INSTRUCTIONS TO FOLLOW
Retype the lines from the one containing "And if thou" through the last line of the entries below, exactly and in full, omitting every image.
BEGIN TASK DATA
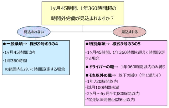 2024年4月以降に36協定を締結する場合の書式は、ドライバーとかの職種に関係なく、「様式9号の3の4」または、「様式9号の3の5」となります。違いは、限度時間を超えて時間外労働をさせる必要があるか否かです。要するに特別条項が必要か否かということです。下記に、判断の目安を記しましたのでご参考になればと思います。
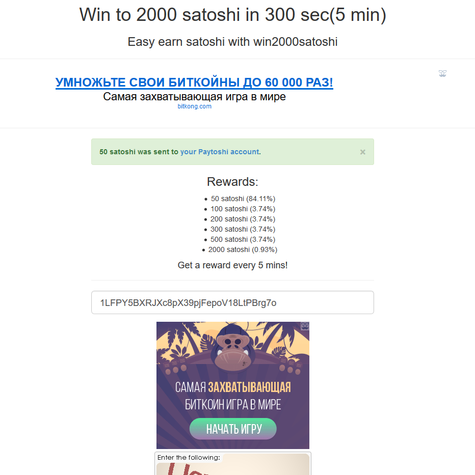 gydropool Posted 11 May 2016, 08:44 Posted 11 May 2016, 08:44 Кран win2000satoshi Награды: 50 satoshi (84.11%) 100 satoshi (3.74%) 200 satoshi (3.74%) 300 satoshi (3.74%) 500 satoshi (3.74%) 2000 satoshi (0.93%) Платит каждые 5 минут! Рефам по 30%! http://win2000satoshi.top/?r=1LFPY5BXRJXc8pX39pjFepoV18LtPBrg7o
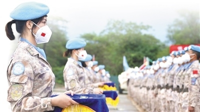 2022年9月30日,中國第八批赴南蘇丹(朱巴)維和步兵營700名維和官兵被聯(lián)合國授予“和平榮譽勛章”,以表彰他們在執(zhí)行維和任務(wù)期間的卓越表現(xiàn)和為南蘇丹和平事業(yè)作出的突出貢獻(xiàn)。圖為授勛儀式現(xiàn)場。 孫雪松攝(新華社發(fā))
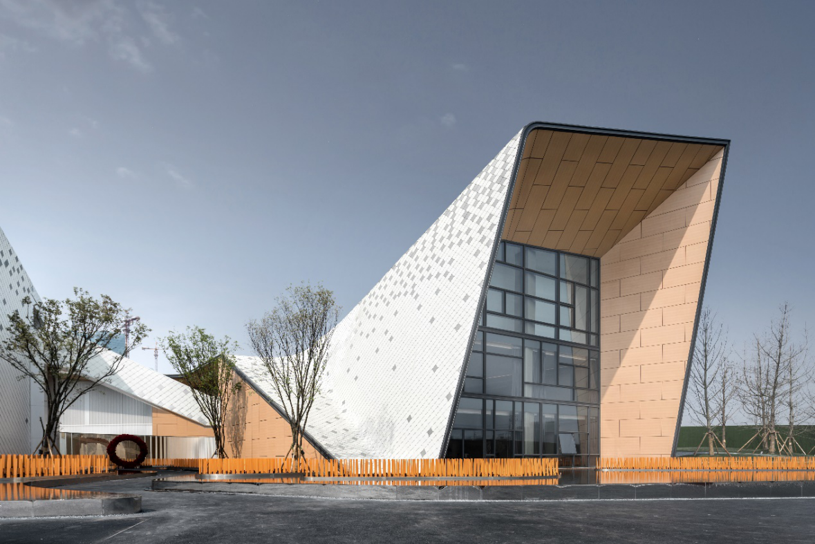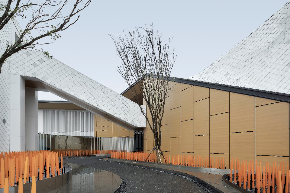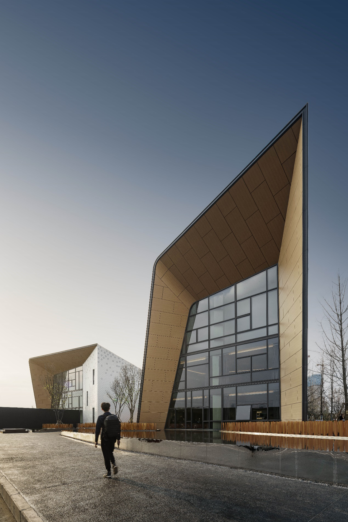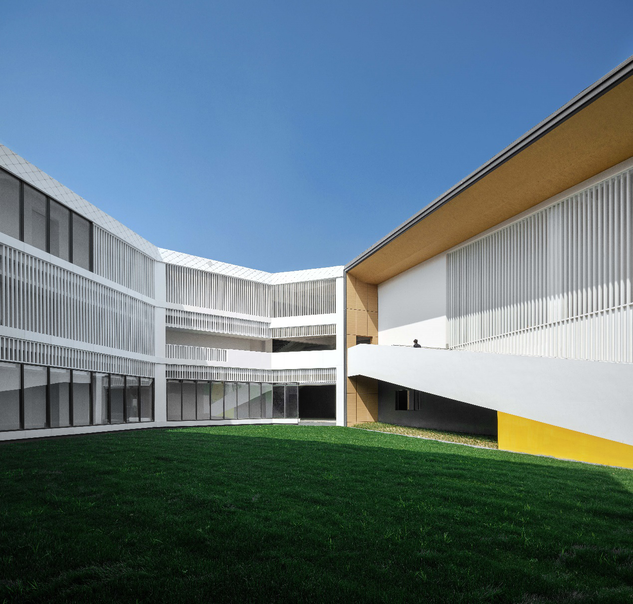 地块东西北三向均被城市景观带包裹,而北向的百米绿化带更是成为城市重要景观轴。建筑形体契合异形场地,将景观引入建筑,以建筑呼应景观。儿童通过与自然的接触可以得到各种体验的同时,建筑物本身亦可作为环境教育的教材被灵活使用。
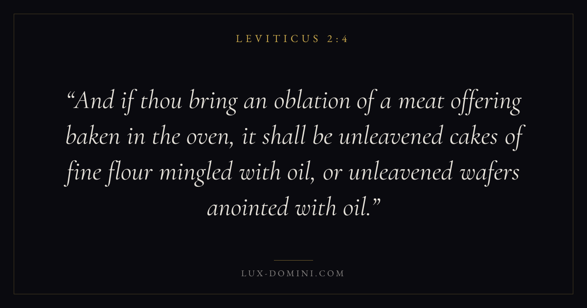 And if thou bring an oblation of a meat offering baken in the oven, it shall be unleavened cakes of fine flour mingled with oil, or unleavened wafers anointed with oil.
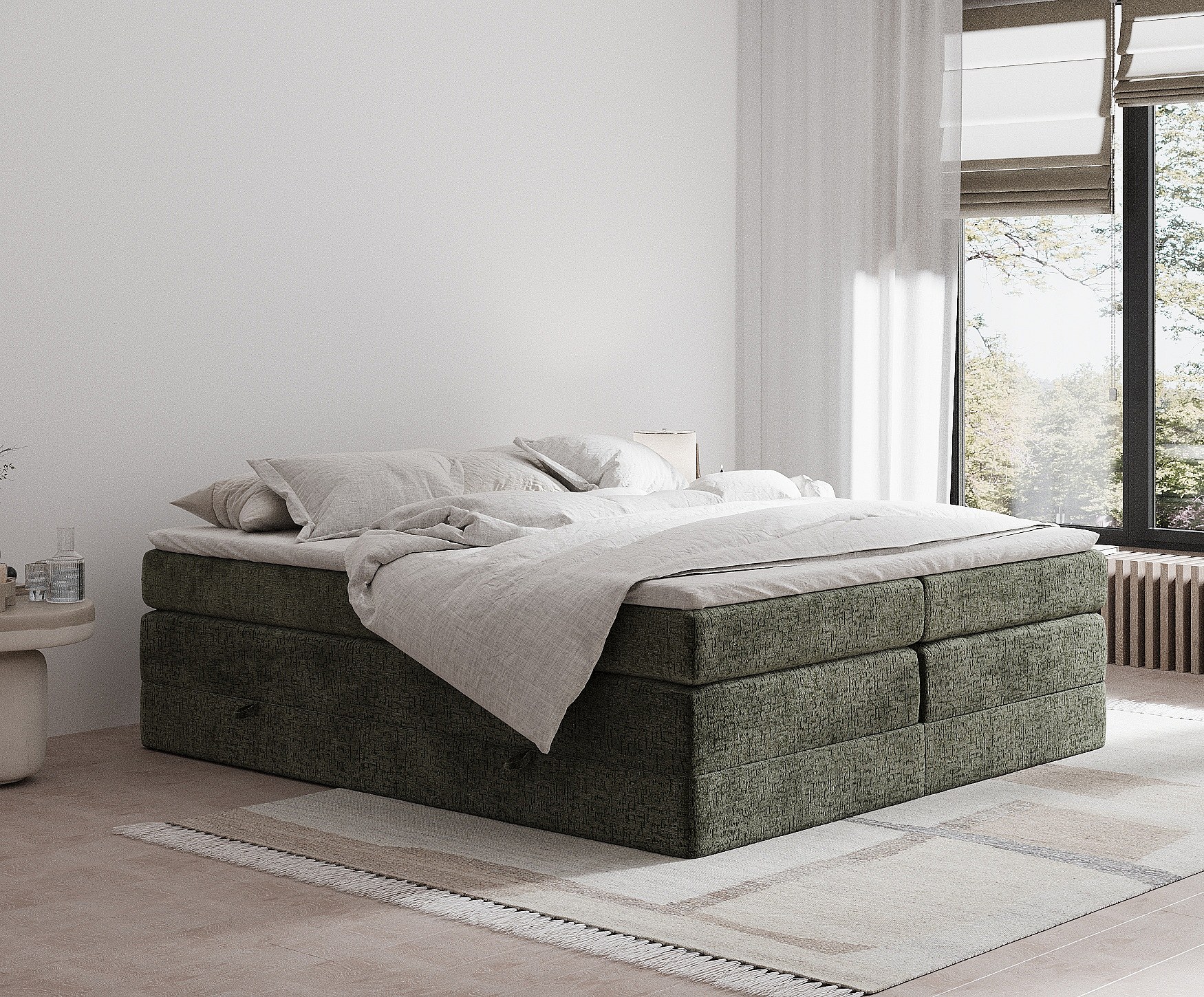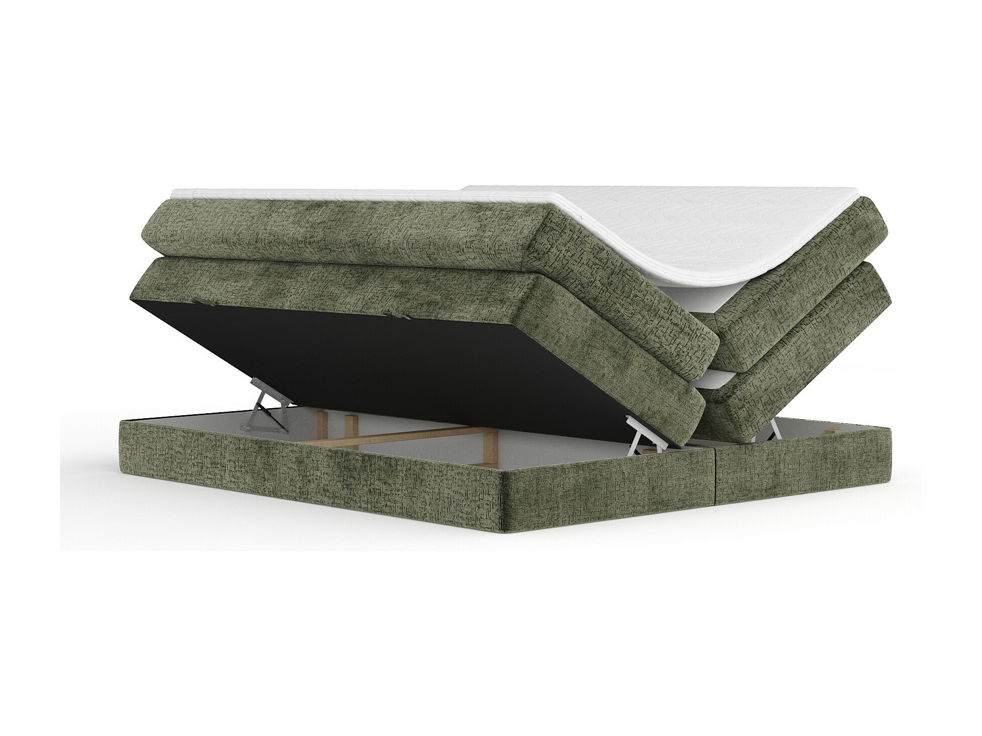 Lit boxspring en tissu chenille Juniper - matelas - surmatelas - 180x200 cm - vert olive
END TASK DATA
YOUR RESPONSE
 And if thou bring an oblation of a meat offering baken in the oven, it shall be unleavened cakes of fine flour mingled with oil, or unleavened wafers anointed with oil.
 Lit boxspring en tissu chenille Juniper - matelas - surmatelas - 180x200 cm - vert olive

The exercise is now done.